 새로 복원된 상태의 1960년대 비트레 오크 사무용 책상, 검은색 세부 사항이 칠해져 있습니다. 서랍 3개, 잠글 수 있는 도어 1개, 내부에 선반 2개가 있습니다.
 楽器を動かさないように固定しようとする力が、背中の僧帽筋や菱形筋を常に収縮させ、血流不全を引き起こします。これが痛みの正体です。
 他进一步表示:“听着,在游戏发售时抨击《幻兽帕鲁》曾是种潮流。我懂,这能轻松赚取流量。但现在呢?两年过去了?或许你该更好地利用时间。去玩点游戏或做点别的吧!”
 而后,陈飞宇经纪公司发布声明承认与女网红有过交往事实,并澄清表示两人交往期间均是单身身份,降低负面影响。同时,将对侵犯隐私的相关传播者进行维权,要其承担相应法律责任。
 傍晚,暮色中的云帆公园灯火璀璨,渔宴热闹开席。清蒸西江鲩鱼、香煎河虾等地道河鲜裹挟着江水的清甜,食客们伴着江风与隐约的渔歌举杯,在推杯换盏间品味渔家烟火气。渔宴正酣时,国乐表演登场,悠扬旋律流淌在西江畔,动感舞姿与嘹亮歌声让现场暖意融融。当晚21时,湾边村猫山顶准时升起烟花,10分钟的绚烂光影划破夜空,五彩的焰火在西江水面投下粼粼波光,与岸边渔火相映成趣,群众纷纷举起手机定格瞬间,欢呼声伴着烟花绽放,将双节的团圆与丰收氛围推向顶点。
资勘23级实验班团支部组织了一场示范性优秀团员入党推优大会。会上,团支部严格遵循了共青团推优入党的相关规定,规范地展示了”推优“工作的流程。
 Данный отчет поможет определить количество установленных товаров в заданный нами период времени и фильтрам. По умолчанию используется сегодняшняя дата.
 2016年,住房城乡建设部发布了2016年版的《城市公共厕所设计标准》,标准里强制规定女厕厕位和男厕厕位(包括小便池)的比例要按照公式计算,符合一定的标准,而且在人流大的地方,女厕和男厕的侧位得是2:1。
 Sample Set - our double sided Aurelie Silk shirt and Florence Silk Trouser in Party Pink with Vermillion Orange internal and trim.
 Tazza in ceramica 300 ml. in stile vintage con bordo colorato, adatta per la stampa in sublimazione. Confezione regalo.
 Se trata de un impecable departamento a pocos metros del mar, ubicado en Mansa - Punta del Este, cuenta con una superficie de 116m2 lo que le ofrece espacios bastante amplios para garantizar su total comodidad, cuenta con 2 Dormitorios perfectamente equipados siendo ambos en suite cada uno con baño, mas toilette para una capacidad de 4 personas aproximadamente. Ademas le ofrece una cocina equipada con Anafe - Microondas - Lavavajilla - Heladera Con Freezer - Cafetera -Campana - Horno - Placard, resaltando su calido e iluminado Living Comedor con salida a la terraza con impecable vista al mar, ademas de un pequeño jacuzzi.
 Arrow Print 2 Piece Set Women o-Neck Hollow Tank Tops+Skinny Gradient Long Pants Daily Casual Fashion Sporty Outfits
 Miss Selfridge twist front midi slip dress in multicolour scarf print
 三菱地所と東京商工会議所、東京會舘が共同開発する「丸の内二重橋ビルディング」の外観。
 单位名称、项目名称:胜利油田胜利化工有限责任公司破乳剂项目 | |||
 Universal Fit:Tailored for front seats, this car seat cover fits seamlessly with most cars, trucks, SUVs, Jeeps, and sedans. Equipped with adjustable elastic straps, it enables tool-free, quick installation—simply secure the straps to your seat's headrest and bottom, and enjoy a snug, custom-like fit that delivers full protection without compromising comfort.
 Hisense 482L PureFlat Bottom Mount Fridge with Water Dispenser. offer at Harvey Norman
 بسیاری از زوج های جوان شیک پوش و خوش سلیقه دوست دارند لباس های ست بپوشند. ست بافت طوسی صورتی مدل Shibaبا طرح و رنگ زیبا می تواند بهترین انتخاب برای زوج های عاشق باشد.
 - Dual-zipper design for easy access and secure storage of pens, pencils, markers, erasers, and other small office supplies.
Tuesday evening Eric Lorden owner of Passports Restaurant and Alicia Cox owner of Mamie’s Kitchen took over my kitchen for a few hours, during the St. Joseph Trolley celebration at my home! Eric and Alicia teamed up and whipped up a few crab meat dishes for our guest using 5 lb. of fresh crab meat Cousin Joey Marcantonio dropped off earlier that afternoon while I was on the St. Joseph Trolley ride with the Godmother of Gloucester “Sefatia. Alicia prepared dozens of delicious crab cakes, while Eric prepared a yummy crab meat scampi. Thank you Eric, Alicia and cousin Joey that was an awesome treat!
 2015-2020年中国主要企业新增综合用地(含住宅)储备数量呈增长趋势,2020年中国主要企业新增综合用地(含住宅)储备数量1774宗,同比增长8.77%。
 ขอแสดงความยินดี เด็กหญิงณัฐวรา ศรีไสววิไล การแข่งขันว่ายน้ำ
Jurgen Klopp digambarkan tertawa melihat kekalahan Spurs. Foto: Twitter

■ **EXERCISE DETAILS**
All lines from the one with "Tuesday evening Eric" onward to the end of the records above should be repeated exactly, and only those lines.

■ **ANSWER**
Tuesday evening Eric Lorden owner of Passports Restaurant and Alicia Cox owner of Mamie’s Kitchen took over my kitchen for a few hours, during the St. Joseph Trolley celebration at my home! Eric and Alicia teamed up and whipped up a few crab meat dishes for our guest using 5 lb. of fresh crab meat Cousin Joey Marcantonio dropped off earlier that afternoon while I was on the St. Joseph Trolley ride with the Godmother of Gloucester “Sefatia. Alicia prepared dozens of delicious crab cakes, while Eric prepared a yummy crab meat scampi. Thank you Eric, Alicia and cousin Joey that was an awesome treat!
 2015-2020年中国主要企业新增综合用地(含住宅)储备数量呈增长趋势,2020年中国主要企业新增综合用地(含住宅)储备数量1774宗,同比增长8.77%。
 ขอแสดงความยินดี เด็กหญิงณัฐวรา ศรีไสววิไล การแข่งขันว่ายน้ำ
Jurgen Klopp digambarkan tertawa melihat kekalahan Spurs. Foto: Twitter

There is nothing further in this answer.